With his age, ineffectiveness and that gaudy salary, Rhodes cleared waivers. But he didn't forget how to be lefthanded. So when he cleared, his phone started ringing.
One call came from the Phillies, Rhodes' fifth major league stop back in 2006. They needed a situational lefty. They were a lock to provide additional revenue opportunity via a playoff share.
"It was close with Philly," Rhodes said. "But they wanted to send me down to Clearwater and get some work in. I had enough work in for 4 months. Why should I go down to Clearwater and wait and if I don't get called up, I'd be at home?"
Boston called, too. Another playoff lock. St. Louis called. The Cardinals were the opposite of a lock. They were $113,000 for 2 more months of work. "But," Rhodes said, "they said, 'We want you.' "

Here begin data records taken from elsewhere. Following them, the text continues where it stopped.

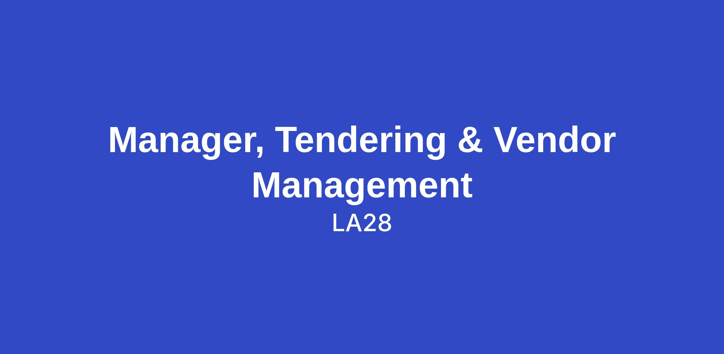 Manager, Tendering & Vendor Management - Cleaning & Waste: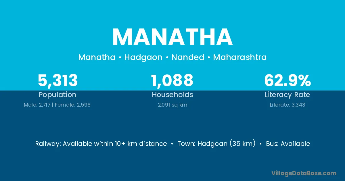 Hadgoan (35 km) is the nearest town to Manatha village for major economic activities and is located approximately 35 km away.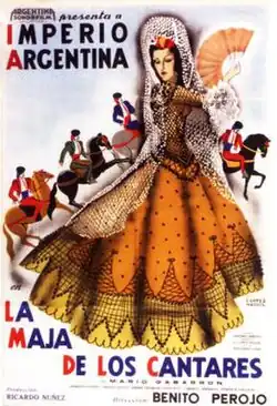 The Songstress (Spanish: La maja de los cantares) is a 1946 Argentine musical comedy film of the classical era of Argentine cinema, directed by Benito Perojo and starring Imperio Argentina and Amadeo Novoa.[1] It is based on a novel by Armando Palacio Valdés. It is set in Andalusia.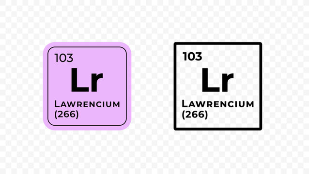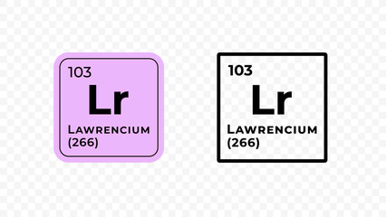 Lawrencium, Lr, chemical periodic table element icon. The chemical element of the periodic table. Icon with molar mass and atomic number for lab, science or chemistry class.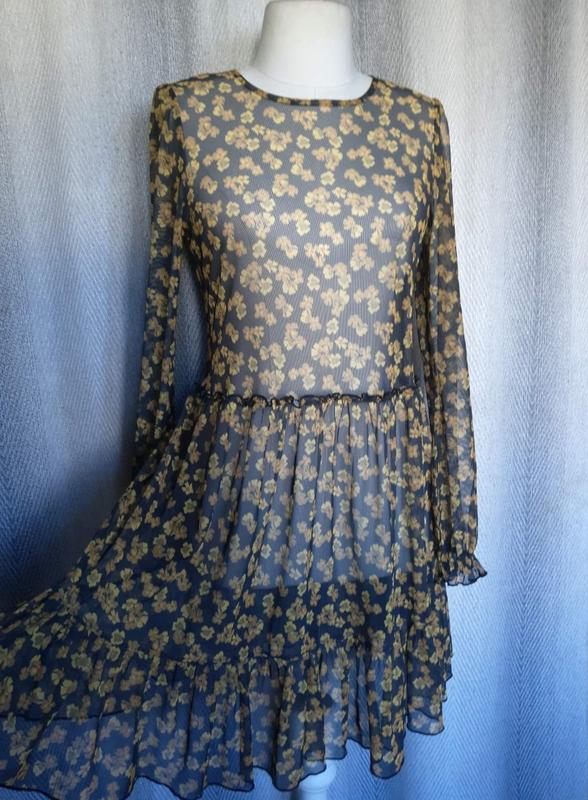 Женское ярусное летнее платье, платье в мелкий желтый цветок, сетка topshop Бренд, состав и цвет на фото, в одном размере 10, наш 44-46 ( маникен М) замеры плечи 37 см, ширина горловины 20 см, плеча 9 см полуобхват груди 45 см, талия 43 см, по шву 46, низ свободно,. Длина от плеча 88 см ( 43+ 30+15), Дллина рукава 62 см+рюш., полуобхват бицепса 15, внизу рукава 8 см. Без застежки без подкладки, светится, тянется. пите о подкладке.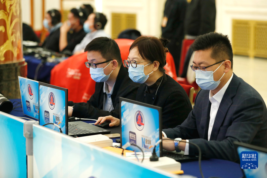 3月11日,十三届全国人大五次会议闭幕后,国务院总理李克强在人民大会堂三楼金色大厅出席记者会并回答中外记者提问。图为新华网直播团队正在记者会现场工作。新华网 焦鹏 摄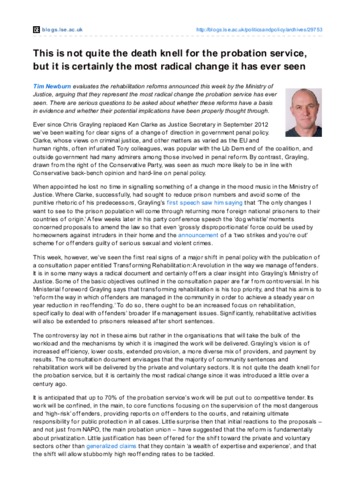 Tim Newburn evaluates the rehabilitation reforms announced this week by the Ministry of Justice, arguing that they represent the most radical change the probation service has ever seen. There are serious questions to be asked about whether these reforms have a basis in evidence and whether their potential implications have been properly thought through.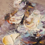 Soffermiamoci quindi sull’uva, resa da Scatizzi con tanti piccoli tocchi dati con la punta della spatola.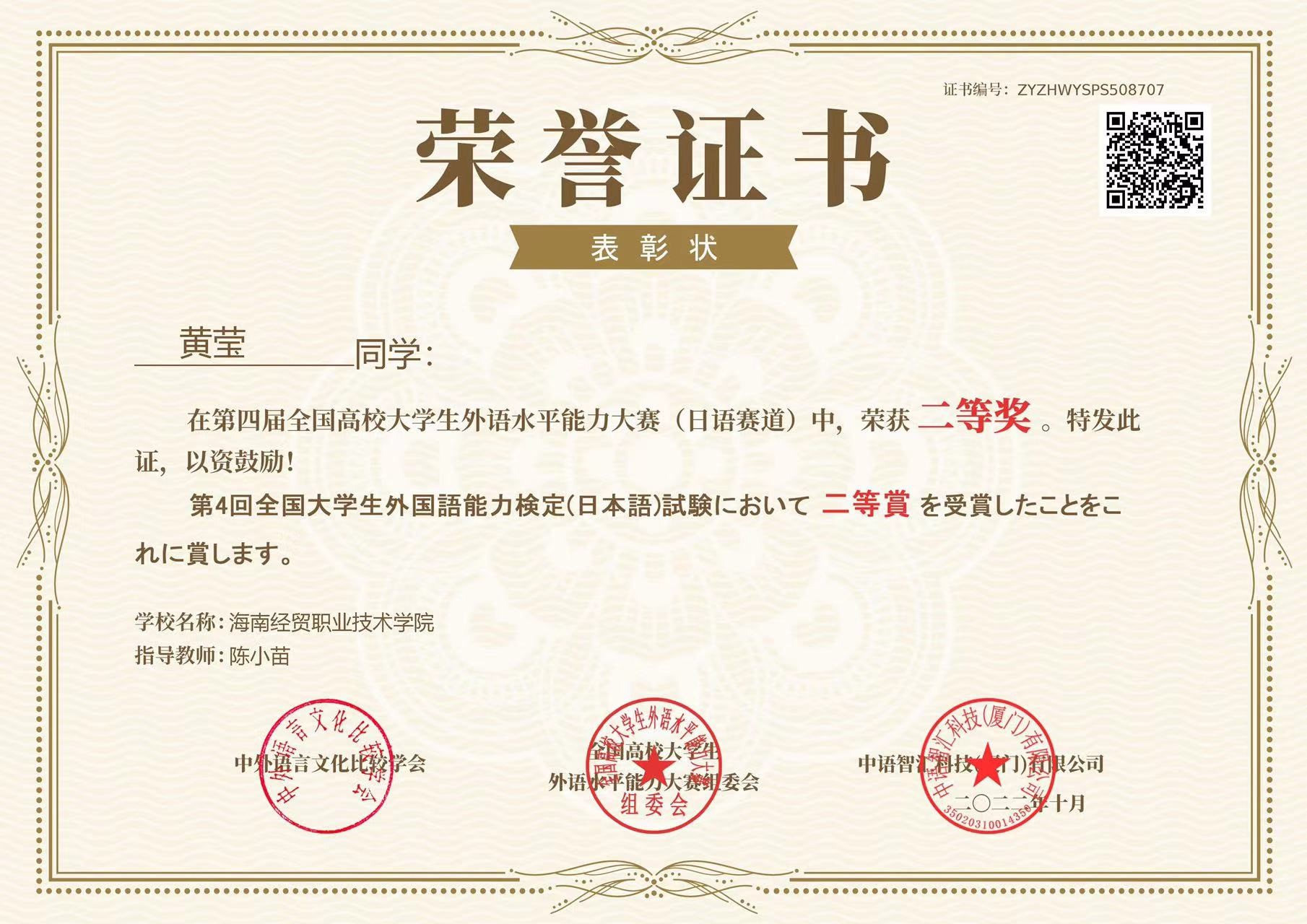 21级应用日语2班 黄莹 二等奖
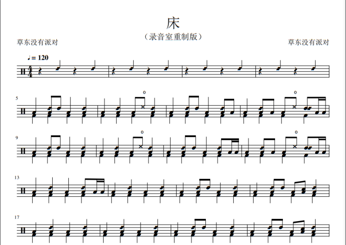 《床》是草东没有派对演唱的一首歌曲,录音室重制版,这份鼓谱共有三张高清图谱,图谱由 @打鼓谱 编配上传,图谱使用五线谱编配,使用这份床架子鼓谱,你将能够轻松地敲打出这首草东没有派对的床,快来尝试吧。草东没有派对(No Party For Cao Dong),原名草东街派对,中国台湾摇滚乐团,由主唱兼吉他手巫堵、吉他手筑筑、贝斯手世暄、鼓手蔡忆凡组成。2021年10月30日乐团鼓手凡凡(蔡忆凡)骤逝引伤痛。最近乐团宣布发行第二张专辑,2023年4月7日无预警发出《床》重制版,以此致敬我们最可爱的凡凡! 这份鼓谱比较接近原版,想要挑战一下的鼓友可以试一下,比较考验手脚配合,需要一定的技术。
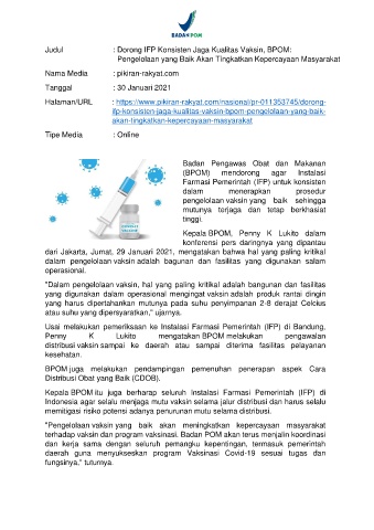 Judul : Dorong IFP Konsisten Jaga Kualitas Vaksin, BPOM:
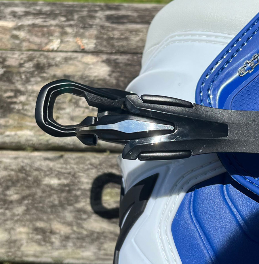 Para maior absorção dos impactos, o sistema DHCP (Dynamic Heel Compression Protector) auxilia a reduzir significativamente o efeito da energia excessiva gerada pelos impactos e ajudando a diminuir lesões. O novo sistema de fechamento, possui travas em alumínio de alta resistência à impactos e sistema de abre/fecha que se alinha automaticamente com a trava, otimizando o ajuste e a fixação, garantindo mais segurança e muito mais qualidade com a tradição Alpinestars.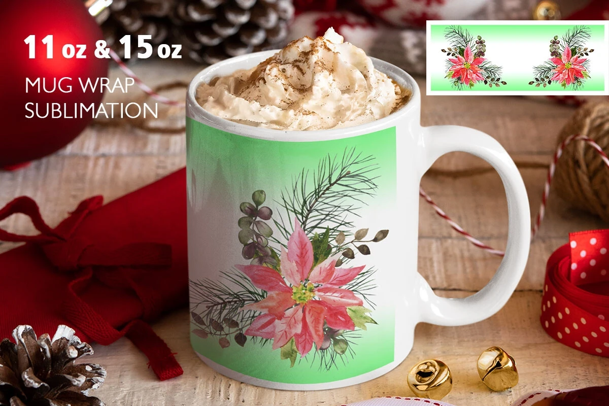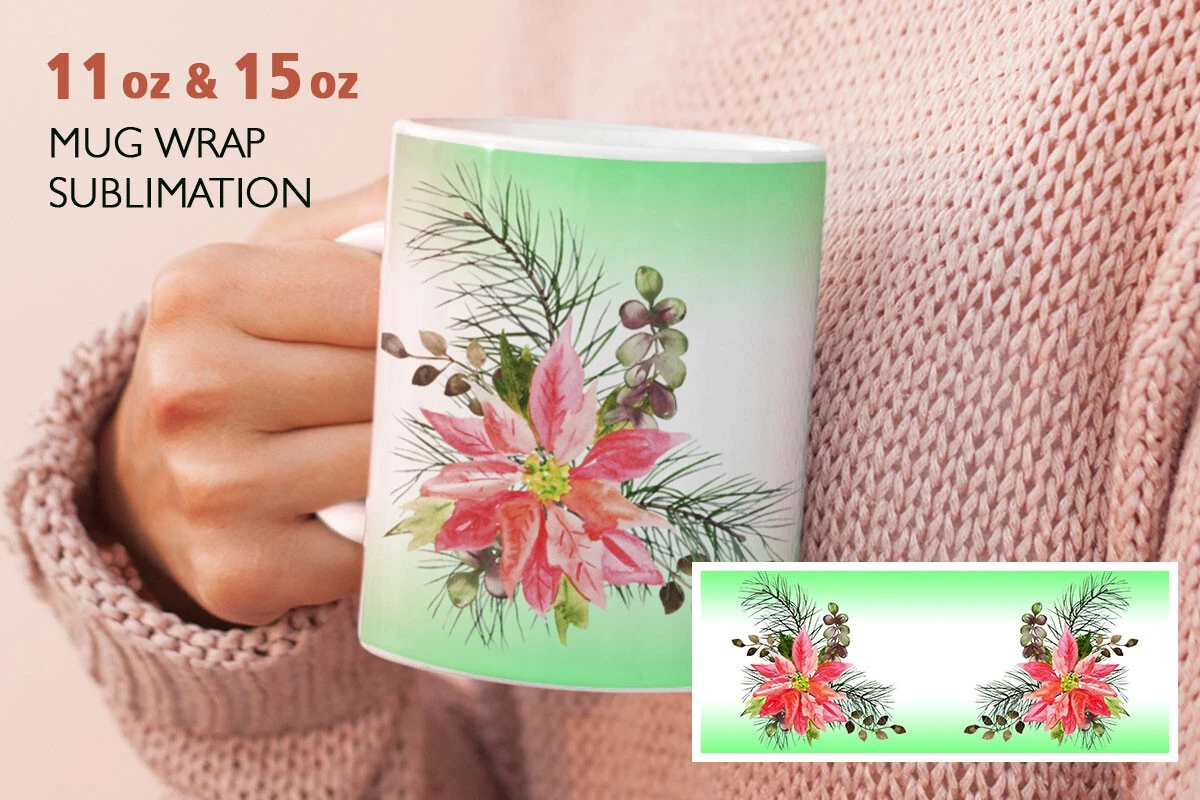Watercolor hand painted Christmas sublimation design for 11 oz and 15 oz.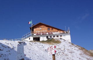 ロープウェイの頂上駅から100㍍ほどにラガツォイ小屋 がある。イタリア、オーストリア国境に近く、初秋だったのでうっすらと雪が積もっていた。夏姿の観光客もロープウェイで上ってくるが、雪の斜面を小屋まで登るのに一苦労していた。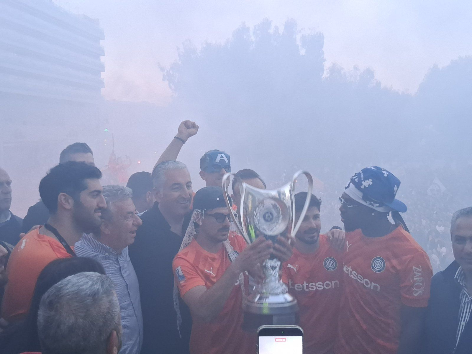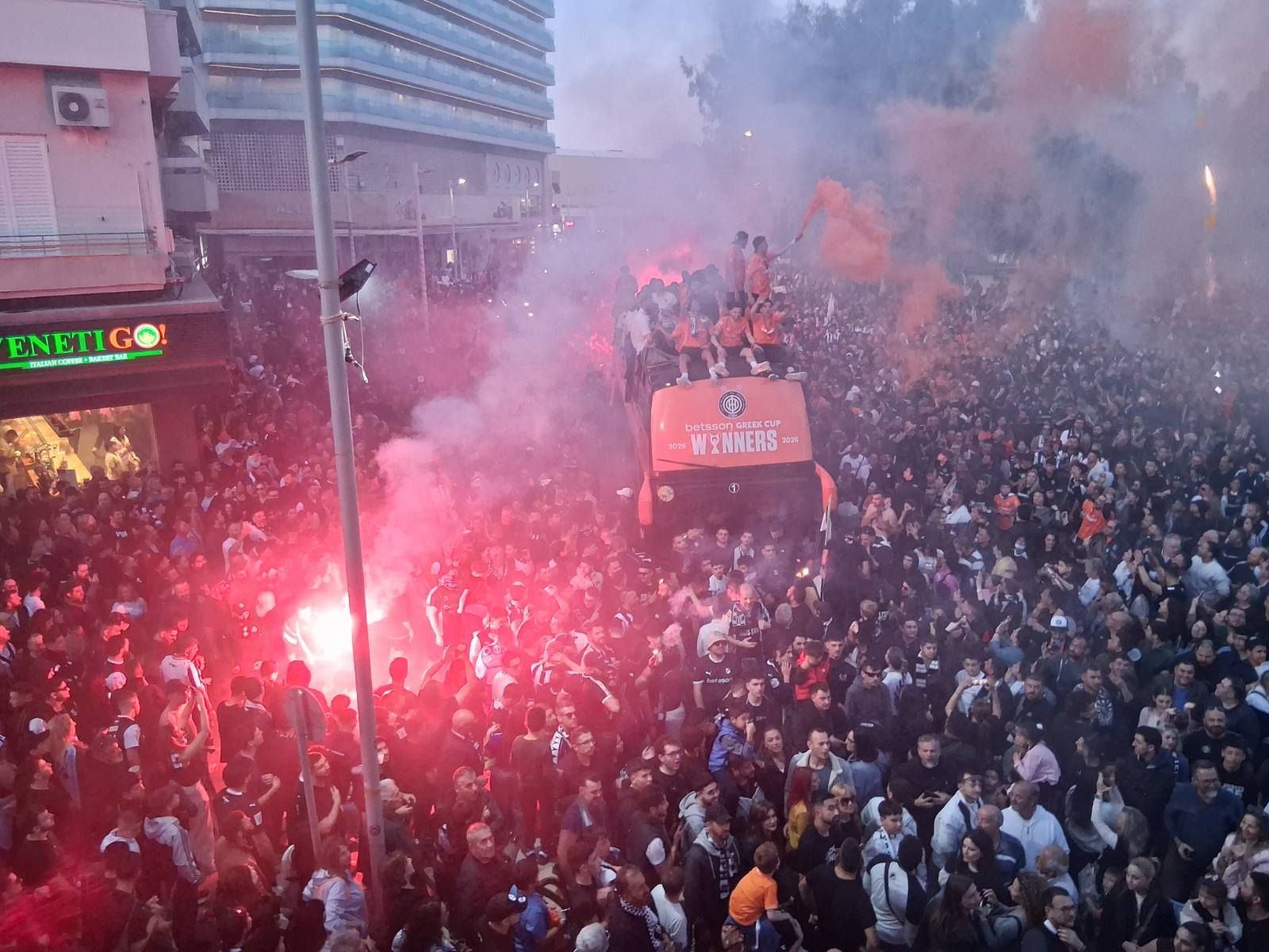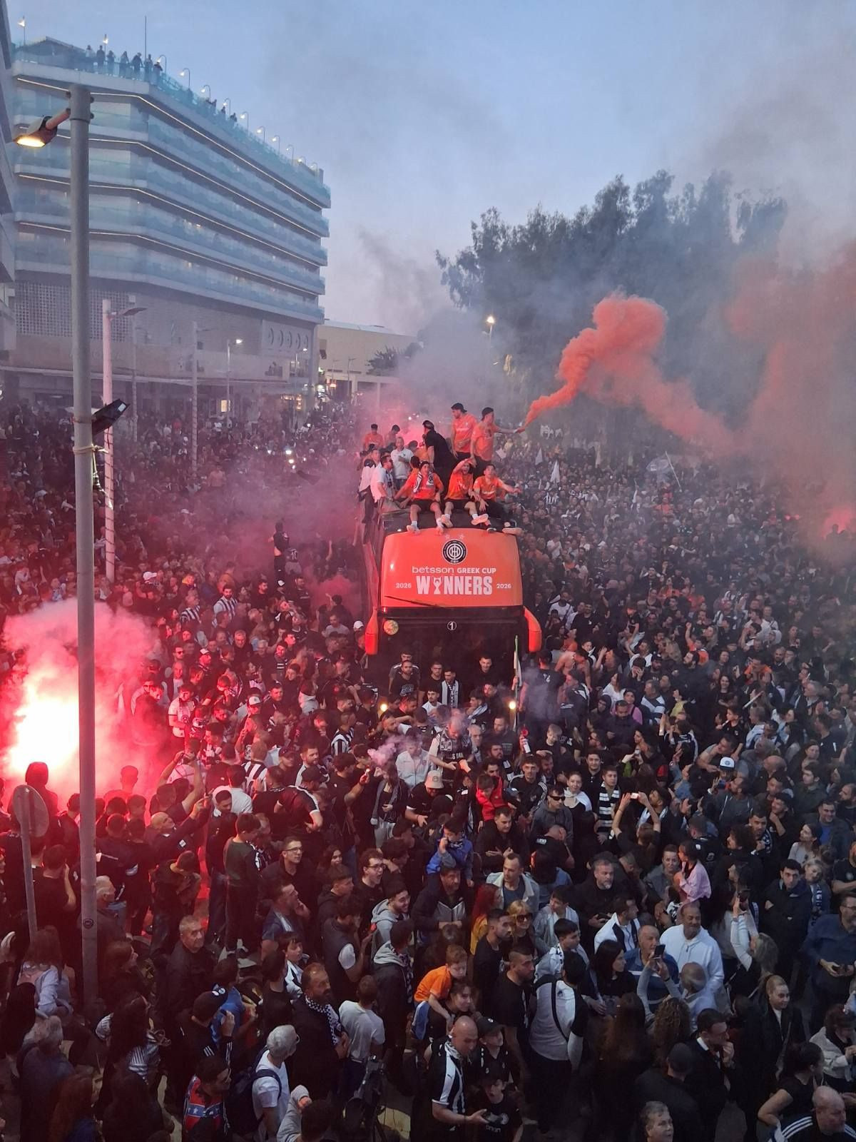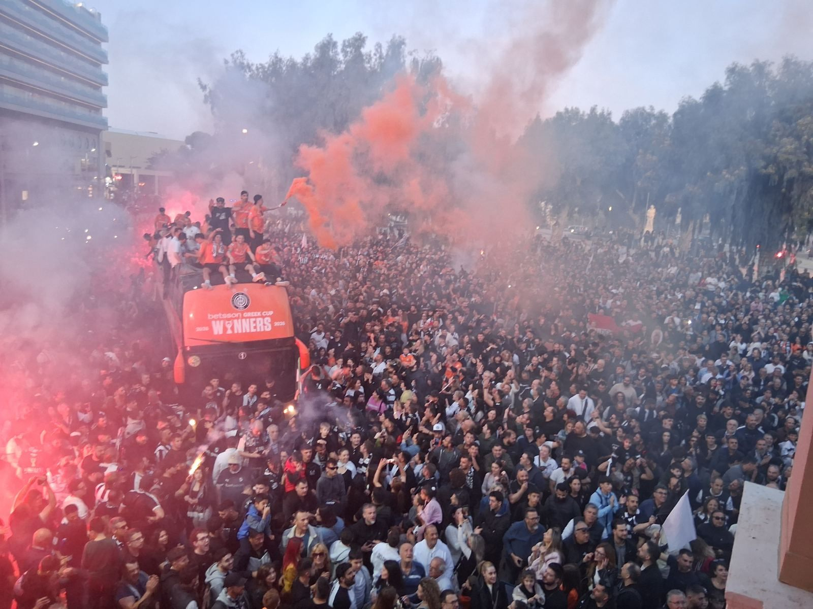 Οι παίκτες και το τεχνικό επιτελείο με το πορτοκαλί πούλμαν έφτασε λίγο μετά τις 7:30 το βράδυ με τους χιλιάδες φίλους να τους αποθεώνουν.

The rest, in Arthur's own words, is, "The craziest thing that's happened to me in [20] years." Rhodes signed with St. Louis, helped stabilize a bullpen that had sabotaged the Cardinals for much of the season. With a fresh start, and the narrower role that situational lefties have in the National League, Rhodes regained much of the effectiveness that had made him an All-Star with Cincinnati just the year before, and had lured Texas into signing him for that big deal in the offseason.
In 19 regular-season appearances after the Cardinals signed him on Aug. 12, Rhodes was scored on in just four of them. Then came the postseason, the first leg of the craziness. After Ryan Howard launched a three-run homer off Kyle Lohse in Game 1 of the National League Division Series, Rhodes was assigned the task of shutting down the Phillies' slugger. He did, starting with an eighth-inning strikeout in the Cardinals' 5-4, Game 2 victory.